One other functionally similar decision is Hirsch v. Department of Motor Vehicles (1974) 42 Cal.App.3d 252 [ 115 Cal.Rptr. 452]. There the plaintiff purchased an automobile from the person identified as owner on the ownership certificate which the department had issued. In fact, the car had been stolen and the department had been negligent. The action against the department to recover damages was based on negligence, and the department's demurrer was sustained upon the immunity found in Government Code sections 818.4 and 821.2 for issuance of "any permit, license, certificate," etc. The appellate court affirmed the dismissal upon that ground, and then added this (at p. 258): "Further, quite aside from sections 818.4 and 821.2, the certificate of ownership here issued can clearly be construed as a `misrepresentation' by the Department of Motor Vehicles of the true ownership of the vehicle, falling within the purview of section 818.8; thus defendant would be entitled to immunity under that section alone."

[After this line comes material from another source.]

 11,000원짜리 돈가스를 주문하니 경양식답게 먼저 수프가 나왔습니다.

Other cases applying section 818.8 to deny relief for injury to financial or commercial interests are Schonfeld v. City of Vallejo (1975) 50 Cal.App.3d 401, 407 [ 123 Cal.Rptr. 669]; Universal By-Products, Inc. v. City of Modesto (1974) 43 Cal.App.3d 145, 154 [ 117 Cal.Rptr. 525]; Brown v. City of Los Angeles (1968) 267 Cal.App.2d 849 [ 73 Cal.Rptr. 364].
(5) Since we conclude that Government Code section 818.8 and its counterpart section 822.2, are applicable, we need not consider the efficacy of the exculpatory provisions of the Hermosa Beach ordinance.

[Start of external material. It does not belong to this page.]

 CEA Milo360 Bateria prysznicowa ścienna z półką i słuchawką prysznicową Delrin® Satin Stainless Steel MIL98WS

(6) Finally, we must point out that the Grenells' cross-complaint stated a cause of action for declaratory relief by alleging the existence of a justiciable controversy. The pleaders were entitled to a declaration, whether favorable or unfavorable, to them. Thus it was not proper for the trial court to sustain a general demurrer solely upon the ground that the pleaders were not entitled to a favorable judgment. (See Jefferson Incorporated v. City of Torrance (1968) 266 Cal.App.2d 300, 302 [ 72 Cal.Rptr. 85].) However, it is unnecessary to send the case back for a declaration of rights, since we can accomplish that by a modification of the judgment. (See Teachers Management Inv. Corp. v. City of Santa Cruz (1976) 64 Cal.App.3d 438, 449 [ 134 Cal.Rptr. 523].)
The order of September 30, 1976, sustaining the demurrer to the cross-complaint is vacated. The judgment (order of dismissal filed Oct. 12, 1976) is modified to read as follows:
"It is declared that cross-complainants Bernard B. Grenell and Barbara Grenell are not entitled to be indemnified by cross-defendants, City of Hermosa Beach and Pat F. Brown, for any loss, liability or expense by reason of the acts alleged in plaintiffs' complaint."
As so modified, the judgment is affirmed. The appeal from the order of January 27, 1977, is dismissed. Each side shall bear its own costs on appeal.
Kingsley, J., and Burke (M.L.), J., concurred.
Assigned by the Chairperson of the Judicial Council.